Entering Thursday's games, Auburn was one of eight teams averaging more than 300 yards rushing per game. Four of those teams (Oregon, Ohio State, Baylor and Northern Illinois) have one loss among them, and two others (Army and Georgia Tech) run an option offense.
At tailback, Tre Mason is 79 yards away from a second straight 1,000-yard season, and Cameron Artis-Payne and Corey Grant are averaging 8 yards per carry between them, while quarterback Nick Marshall is making it all go.
"I think it starts up front," Malzahn said. "I think our offensive line has improved throughout the season, and then the fact that we've got three running backs that are all a little bit different, that gives us a little versatility. Then of course, you add in the fact our quarterback can run fairly well. I think all three of those factors combine with that."
According to Rivals.com, Auburn's last four signing classes have finished fourth, seventh, 10th and eighth nationally.
"The personnel is there," Thigpen said.
Jones, Tennessee's third head coach since Chizik's team beat Kiffin's that night in Knoxville four years ago, is facing a more daunting rebuilding task at a program that's had four losing seasons to Auburn's two in the past five years.

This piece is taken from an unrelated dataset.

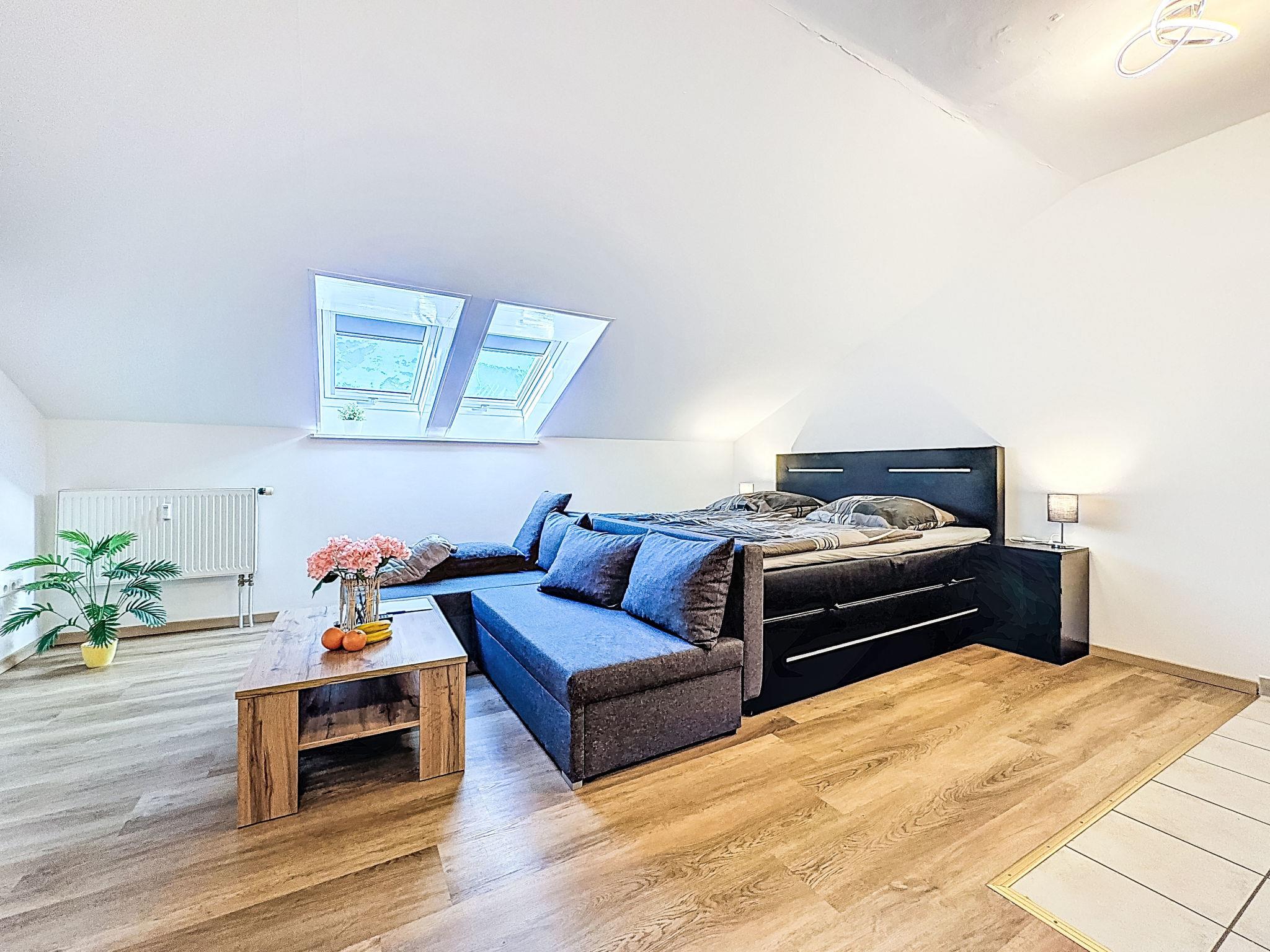 "Alpenlodge-Höfats", 1-room apartment 30 m2, on the top floor. With sloping ceilings, modern and cosy furnishings: living/sleeping room with rooflight with 1 sofabed and 1 double bed (180 cm, length 200 cm), dining table and cable TV (flat screen). Kitchenette (oven, dishwasher, 4 ceramic glass hob hotplates, toaster, electric coffee machine). Shower/WC. Heating. Facilities: hair dryer. Internet (WiFi, free). Parking (1 car), garage (extra) at the house. Please note: not suitable for small children not suitable for children under 6 years. Non-smokers only. Maximum 2 pets/ dogs allowed. Smoke alarm.

"We're making great strides," Jones said. "We have to put our heads down, eliminate all the clutter and just keep getting better as a football program. I'm just as encouraged right now as I've ever been. I see growth. I see maturation.
"I see attracting the best of the best, student-athletes who have great competitive character that want to be in the process of getting Tennessee football back. I'm extremely encouraged. Do we have a lot of work to do? You guys see what I see, but I'm also encouraged by where we're going."